GOAL OF THE EXERCISE> Make an exact copy of all the entries, with the pictures left out.

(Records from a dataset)
^^^^^^^^

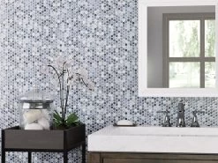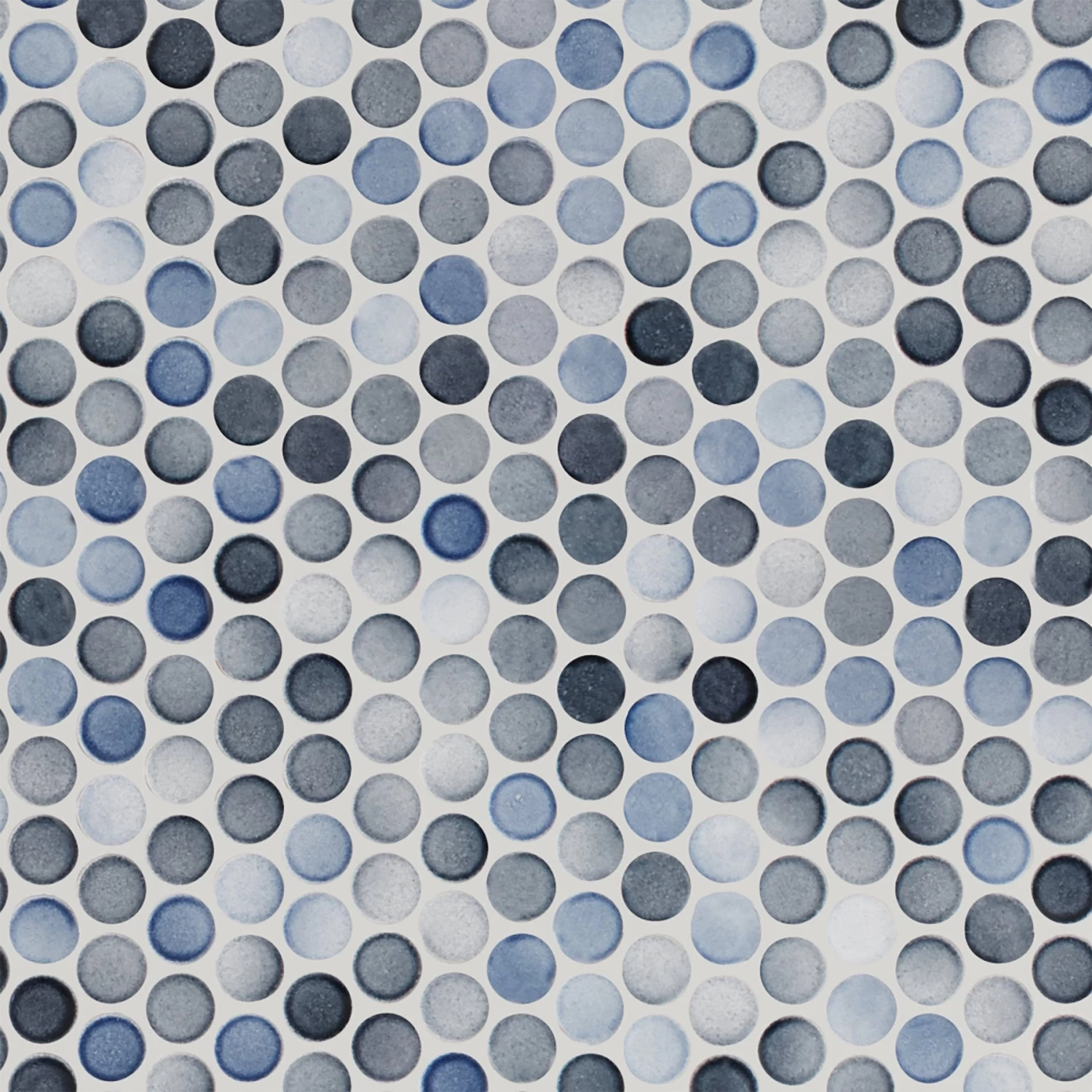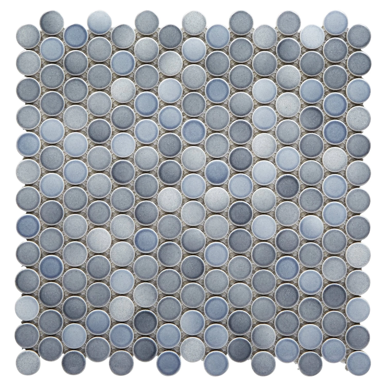 For an elevated look to your design, choose the Multi Gray Polished Porcelain Penny Mosaic with a polished or high gloss finish. Use this blue tile to add new visual interest in any space like the bathroom, kitchen, living room, and more.
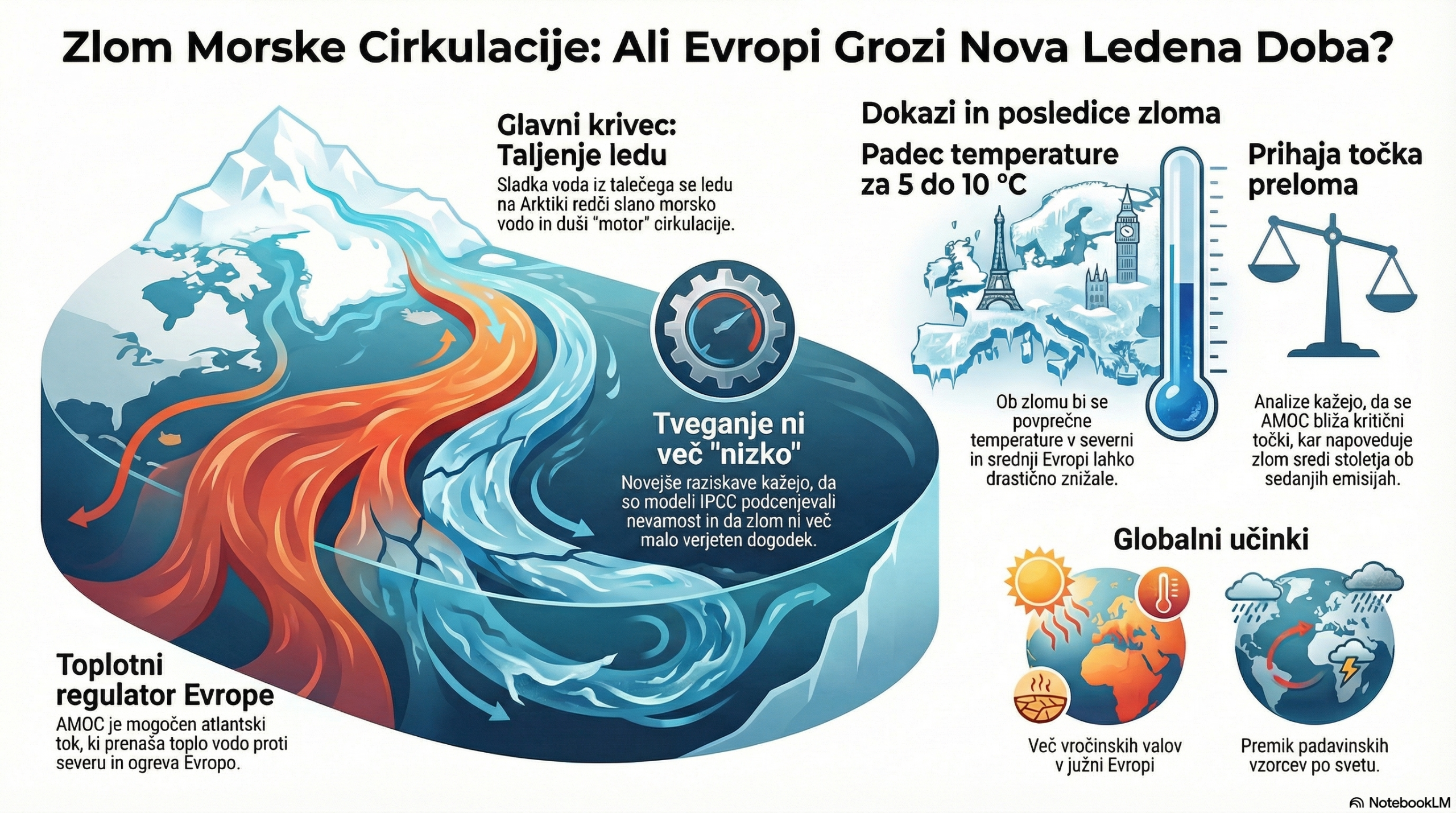 - Nedavne ugotovitve izpodbijajo prejšnje podnebne modele, ki jih je uporabljal IPCC, in kažejo, da lahko podcenjujejo tveganje razpada AMOC zaradi zanemarjanja dejavnikov, kot je pritok sladke vode na Grenlandijo.
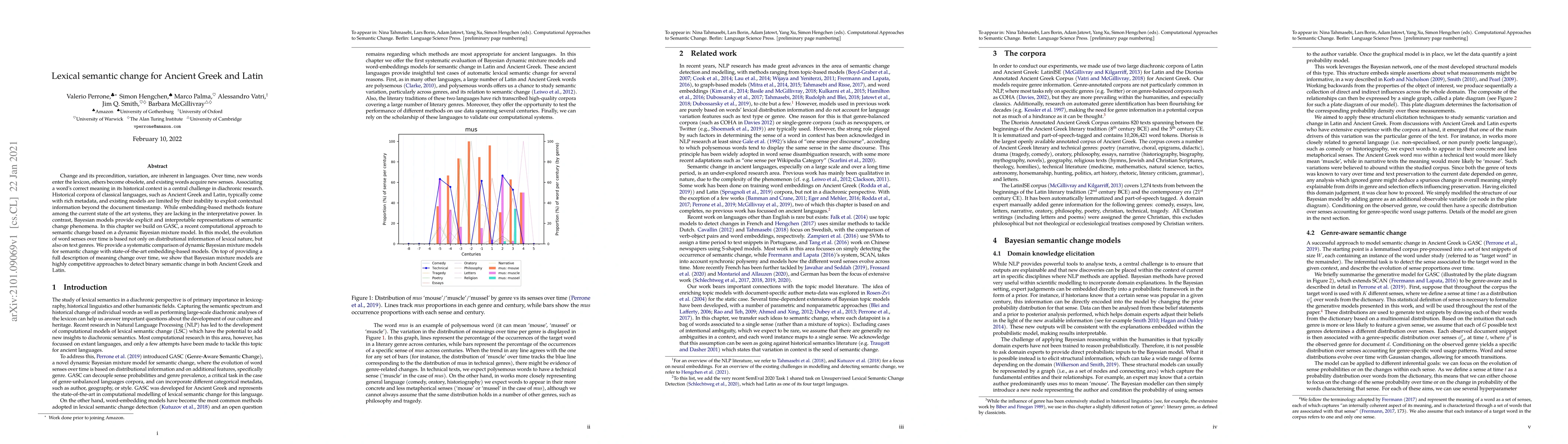Change and its precondition, variation, are inherent in languages. Over time, new words enter the lexicon, others become obsolete, and existing words acquire new senses. Associating a word's correct meaning in its historical context is a central challenge in diachronic research. Historical corpora of classical languages, such as Ancient Greek and Latin, typically come with rich metadata, and existing models are limited by their inability to exploit contextual information beyond the document timestamp. While embedding-based methods feature among the current state of the art systems, they are lacking in the interpretative power. In contrast, Bayesian models provide explicit and interpretable representations of semantic change phenomena. In this chapter we build on GASC, a recent computational approach to semantic change based on a dynamic Bayesian mixture model. In this model, the evolution of word senses over time is based not only on distributional information of lexical nature, but also on text genres. We provide a systematic comparison of dynamic Bayesian mixture models for semantic change with state-of-the-art embedding-based models. On top of providing a full description of meaning change over time, we show that Bayesian mixture models are highly competitive approaches to detect binary semantic change in both Ancient Greek and Latin.
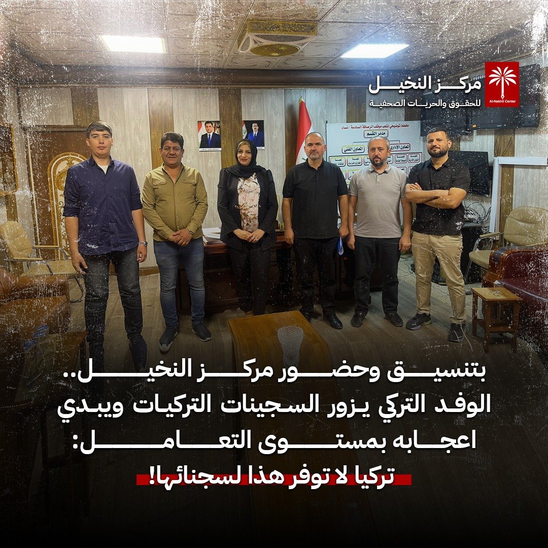 بتنسيق وحضور مركز النخيل للحقوق والحريات الصحفية، زار وفد من المنظمات الحقوقية التركية برئاسة هيئة الإغاثة الإنسانية وحقوق الإنسان والحريات التركية İHH الدولية سجن الرصافة السادس الخاص بالنساء في الرصافة للوقوف على حقيقة الادعاءات التي انتشرت في تركيا بشأن وضع السجينات التركيات (ينتمين لداعش الإرهابي).
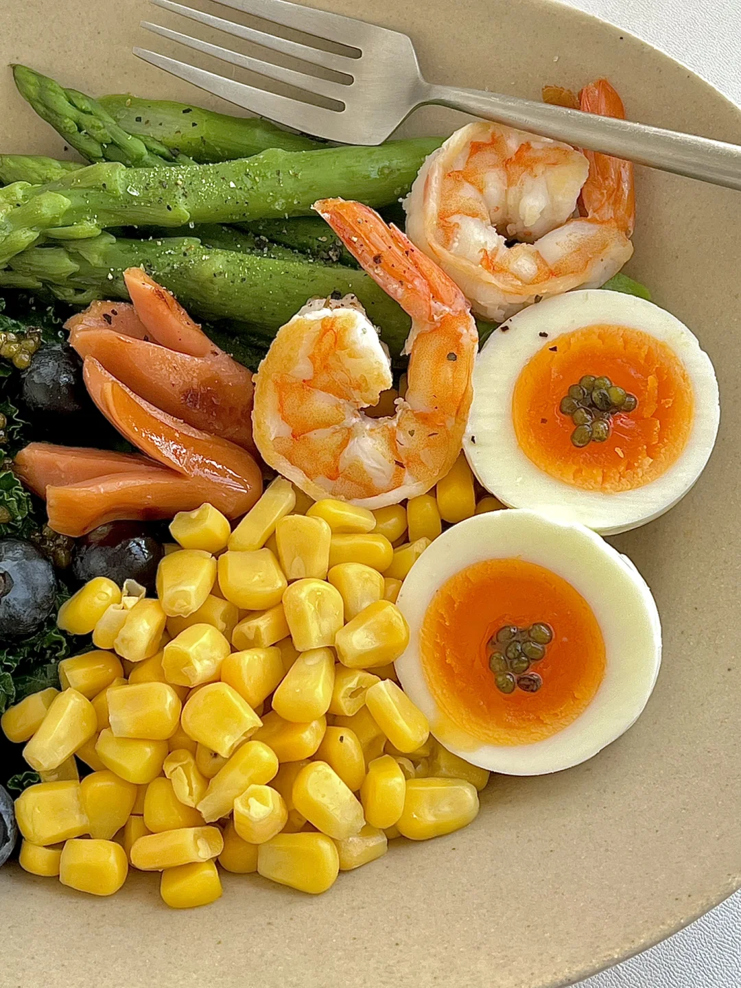 ☀️工作日早餐|芦笋虾仁鸡蛋玉米沙拉🥗
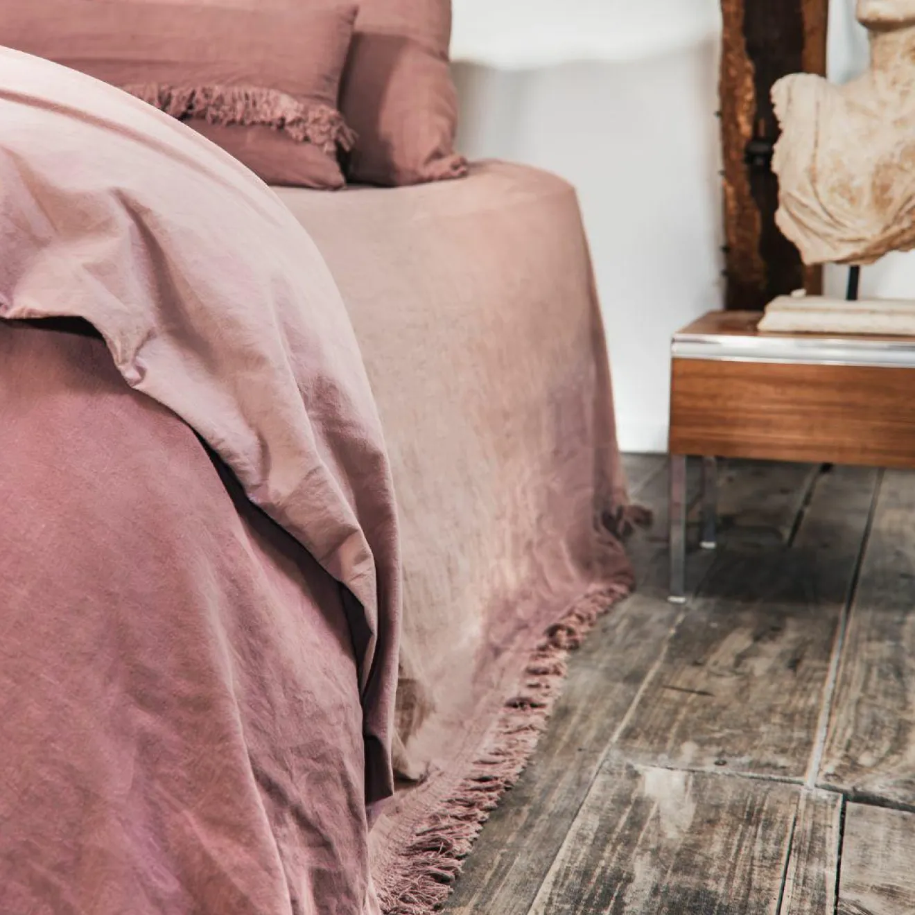 Le couvre-lit GANG, coloris Rosebud, en 100 % lin lavé, apporte une touche douce et chaleureuse à votre chambre. Sa texture naturelle et légère garantit un confort optimal, tout en créant une ambiance apaisante et élégante. Avec des dimensions de 250 x 250 cm, il est parfaitement conçu pour recouvrir un lit et ajouter une note raffinée à votre espace. Les finitions frangées et la croix brodée à l’angle ajoutent des détails subtils et sophistiqués, tout en accentuant le charme intemporel de ce modèle. Le coloris Rosebud, délicat et chaleureux, s’intègre harmonieusement dans des décors modernes ou classiques.
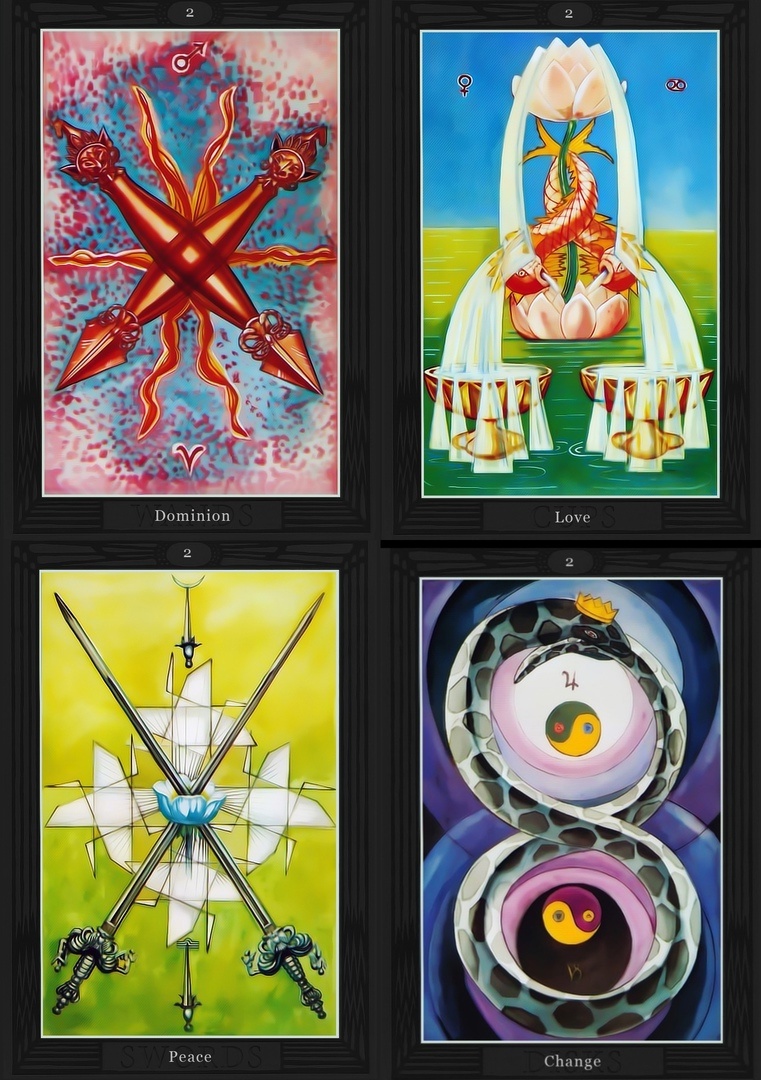 Двойки в Таро Тота — это высшие формы каждой стихии, ещё не искажённые ни внутренними конфликтами, ни внешними обстоятельствами.

^^^^^^^^

TASK RESPONSE>
 For an elevated look to your design, choose the Multi Gray Polished Porcelain Penny Mosaic with a polished or high gloss finish. Use this blue tile to add new visual interest in any space like the bathroom, kitchen, living room, and more.
 - Nedavne ugotovitve izpodbijajo prejšnje podnebne modele, ki jih je uporabljal IPCC, in kažejo, da lahko podcenjujejo tveganje razpada AMOC zaradi zanemarjanja dejavnikov, kot je pritok sladke vode na Grenlandijo.
Change and its precondition, variation, are inherent in languages. Over time, new words enter the lexicon, others become obsolete, and existing words acquire new senses. Associating a word's correct meaning in its historical context is a central challenge in diachronic research. Historical corpora of classical languages, such as Ancient Greek and Latin, typically come with rich metadata, and existing models are limited by their inability to exploit contextual information beyond the document timestamp. While embedding-based methods feature among the current state of the art systems, they are lacking in the interpretative power. In contrast, Bayesian models provide explicit and interpretable representations of semantic change phenomena. In this chapter we build on GASC, a recent computational approach to semantic change based on a dynamic Bayesian mixture model. In this model, the evolution of word senses over time is based not only on distributional information of lexical nature, but also on text genres. We provide a systematic comparison of dynamic Bayesian mixture models for semantic change with state-of-the-art embedding-based models. On top of providing a full description of meaning change over time, we show that Bayesian mixture models are highly competitive approaches to detect binary semantic change in both Ancient Greek and Latin.
 بتنسيق وحضور مركز النخيل للحقوق والحريات الصحفية، زار وفد من المنظمات الحقوقية التركية برئاسة هيئة الإغاثة الإنسانية وحقوق الإنسان والحريات التركية İHH الدولية سجن الرصافة السادس الخاص بالنساء في الرصافة للوقوف على حقيقة الادعاءات التي انتشرت في تركيا بشأن وضع السجينات التركيات (ينتمين لداعش الإرهابي).
 ☀️工作日早餐|芦笋虾仁鸡蛋玉米沙拉🥗
 Le couvre-lit GANG, coloris Rosebud, en 100 % lin lavé, apporte une touche douce et chaleureuse à votre chambre. Sa texture naturelle et légère garantit un confort optimal, tout en créant une ambiance apaisante et élégante. Avec des dimensions de 250 x 250 cm, il est parfaitement conçu pour recouvrir un lit et ajouter une note raffinée à votre espace. Les finitions frangées et la croix brodée à l’angle ajoutent des détails subtils et sophistiqués, tout en accentuant le charme intemporel de ce modèle. Le coloris Rosebud, délicat et chaleureux, s’intègre harmonieusement dans des décors modernes ou classiques.
 Двойки в Таро Тота — это высшие формы каждой стихии, ещё не искажённые ни внутренними конфликтами, ни внешними обстоятельствами.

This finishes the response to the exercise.